A little less than six months are left before the release of XCOM 2 – it’s time to return to the first part and refresh our memories. Moreover, there is a wonderful reason for this: a couple of weeks ago, the development of Long War, the largest amateur modification for XCOM: Enemy Within, was completed.
It adds new weapons, new technologies, new tasks, new professions for fighters and a bunch of other new things to the game. But its main merit lies elsewhere: Long War completely reshapes the balance of power in the game. Everywhere – in tactical battles, in research, in production, on the global map.
And what exactly is good about it?
Reason one: testing
Modification makes the game much longer, much more varied. And much more difficult, especially out of habit. If you start the game without bothering to delve into the difficulty settings, you may be surprised to find that the soldiers of the “last pillar and hope of mankind” are all like one handicapped handicapped who cannot get into the barn from five steps. Or that a shabby reconnaissance dish can get away from three or four fighters in a row. But this is not scary – such complicators can be turned off, returning soldiers and pilots to almost pristine accuracy.
Give everything to the full forces another – a rethought strategy of aliens. Unlike the original XCOM (and even the very original X-COM: UFO Defense, which is already there), where aliens increased pressure on humanity slowly and gradually, events in Long War develop much more rapidly. The player is waiting for several weeks of relatively calm probing by reconnaissance units.
And then hell begins.
Heavy ships will begin to scour the sky, shooting down interceptors with a couple of spitless. Transport workers with two or three dozen soldiers will begin to land on the ground. Any terror involving the Chrysalids (that is, almost any terror in general) will turn into a uniform zombie apocalypse and cause a catastrophic surge of panic throughout the mainland.
Dr. Vale’s team will be doing research at a snail’s pace, but that’s okay, because Dr. Shen’s engineering team will be working even slower – and absorbing so much money and resources in the process that it will make your head spin. And new types of aliens will appear almost every month – just have time to adapt.
Long War clearly demonstrates what it’s like to fight an enemy that outnumbers you, and weapons, and technology.
Reason two: strategy
Understanding quickly comes: Long War is not so catastrophically difficult, it is just completely different. In XCOM itself, it is vital to respond to all the creeps of aliens – here, on the contrary, it is possible and necessary to ignore targets that the team is too tough for. Carefully measure forces and choose when and where to strike.
In the original, we developed at about the same speed as the aliens – here one of the parties will constantly pull ahead. Either we will assemble laser machine guns and begin to shoot down the flyers in one burst, then the suffocating sentoids will get stronger and begin to calmly receive two or three laser beams in the forehead.
XCOM revolved primarily around panic – there we will reduce, here we will let it increase, on average everyone is happy. Long War is built around the race of technologies and resources. Shot down a reconnaissance dish – the enemy did not receive information about the location of your satellite.
They missed the “raider” with the research team – the aliens use the data received and become a little stronger. And no more “aliens abduct people at the same time in three places, choose which one to protect”: aliens abduct people where the ship of the “abductor” class landed, and if it is knocked down on the way, they will not be abducted from anywhere at all.
As soon as our team starts to really annoy the aliens, they will quickly find a way to deal with it – and not just bring down the satellite, but approach the issue creatively.
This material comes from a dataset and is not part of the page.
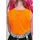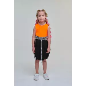 - Топ помаранчевий. Укорочена довжина. Кругла горловина. Без рукавів. Внизу срібна широка вставка із чорним принтом. Застібка - ззаду ґудзик.

For example, they will wear out the soldiers with small operations of small detachments, and then they will send a whole brigade of elite fighters to terror.
Or they will set up an ambush: they will send a tiny plate to the most visible place and seat it there. Surely the player will send a small group of recruits to gain experience… And he will find that the “plate”, like sardines in a jar, is stuffed with a dozen and a half armored mutons, and even a cyberdeck with a squadron of “Seekers” of cover.
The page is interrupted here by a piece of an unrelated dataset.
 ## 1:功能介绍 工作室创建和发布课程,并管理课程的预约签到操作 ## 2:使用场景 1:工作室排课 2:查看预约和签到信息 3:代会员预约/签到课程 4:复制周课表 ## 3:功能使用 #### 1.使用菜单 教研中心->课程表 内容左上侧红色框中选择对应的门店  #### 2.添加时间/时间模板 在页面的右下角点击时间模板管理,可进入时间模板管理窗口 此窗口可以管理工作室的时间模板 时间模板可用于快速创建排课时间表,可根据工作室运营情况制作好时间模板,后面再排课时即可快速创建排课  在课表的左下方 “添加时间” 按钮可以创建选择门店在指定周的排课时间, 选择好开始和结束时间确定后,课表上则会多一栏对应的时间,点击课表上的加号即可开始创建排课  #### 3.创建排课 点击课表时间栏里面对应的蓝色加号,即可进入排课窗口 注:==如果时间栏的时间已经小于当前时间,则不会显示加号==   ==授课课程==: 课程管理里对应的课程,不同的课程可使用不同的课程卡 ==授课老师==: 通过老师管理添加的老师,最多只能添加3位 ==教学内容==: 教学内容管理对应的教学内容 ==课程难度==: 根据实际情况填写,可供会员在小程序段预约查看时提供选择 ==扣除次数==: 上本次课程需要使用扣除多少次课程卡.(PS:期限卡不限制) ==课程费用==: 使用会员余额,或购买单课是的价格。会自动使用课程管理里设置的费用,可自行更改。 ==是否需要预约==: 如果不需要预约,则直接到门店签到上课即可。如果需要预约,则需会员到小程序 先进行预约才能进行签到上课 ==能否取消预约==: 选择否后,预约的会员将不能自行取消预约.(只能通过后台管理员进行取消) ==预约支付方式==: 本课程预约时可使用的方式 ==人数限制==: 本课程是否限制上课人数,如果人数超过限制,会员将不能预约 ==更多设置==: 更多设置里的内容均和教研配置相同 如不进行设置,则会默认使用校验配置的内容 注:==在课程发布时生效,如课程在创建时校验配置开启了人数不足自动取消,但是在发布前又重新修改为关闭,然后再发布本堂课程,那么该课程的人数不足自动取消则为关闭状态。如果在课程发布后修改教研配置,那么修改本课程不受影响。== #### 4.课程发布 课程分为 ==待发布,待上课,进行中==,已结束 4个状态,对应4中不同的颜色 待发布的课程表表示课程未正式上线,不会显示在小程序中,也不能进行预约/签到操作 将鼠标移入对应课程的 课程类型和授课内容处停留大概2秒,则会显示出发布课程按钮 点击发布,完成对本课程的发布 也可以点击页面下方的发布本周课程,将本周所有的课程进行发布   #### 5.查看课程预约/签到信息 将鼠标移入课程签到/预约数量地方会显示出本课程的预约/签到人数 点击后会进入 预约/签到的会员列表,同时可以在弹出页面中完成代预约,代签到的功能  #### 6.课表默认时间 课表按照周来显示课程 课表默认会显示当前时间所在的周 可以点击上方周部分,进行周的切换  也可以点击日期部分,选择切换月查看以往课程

And in the second half of the campaign, realizing that the X-team is starting to equalize the weight categories, the aliens can even fork out and send an entire aircraft carrier to storm our base. Or send a sabotage group to the hangar, blow up fighters. Not according to the plot, but just like that – from the heart.
Reason three: diversity
Attempts to apply strategies from the original to Long War are fraught with a complete fiasco – the moment when you realize that the game is completely lost, you can’t pull it out, you have to quit and start over. There is little pleasure in such a moment – especially if it comes that way after two years of game time or seventy hours of real time – but it proves best that there is variability in the game. That you can act in different ways and at different moments of the game find yourself in completely different conditions.
Should scientists focus on new weapons, aviation improvements, psionics, or exoskeletons? What to order for the engineering team with the last money – a set of laser weapons for a full squad or laser guns for fighters? Send the best fighter for genetic modification or save it – what if there is a war tomorrow, and he is in the infirmary?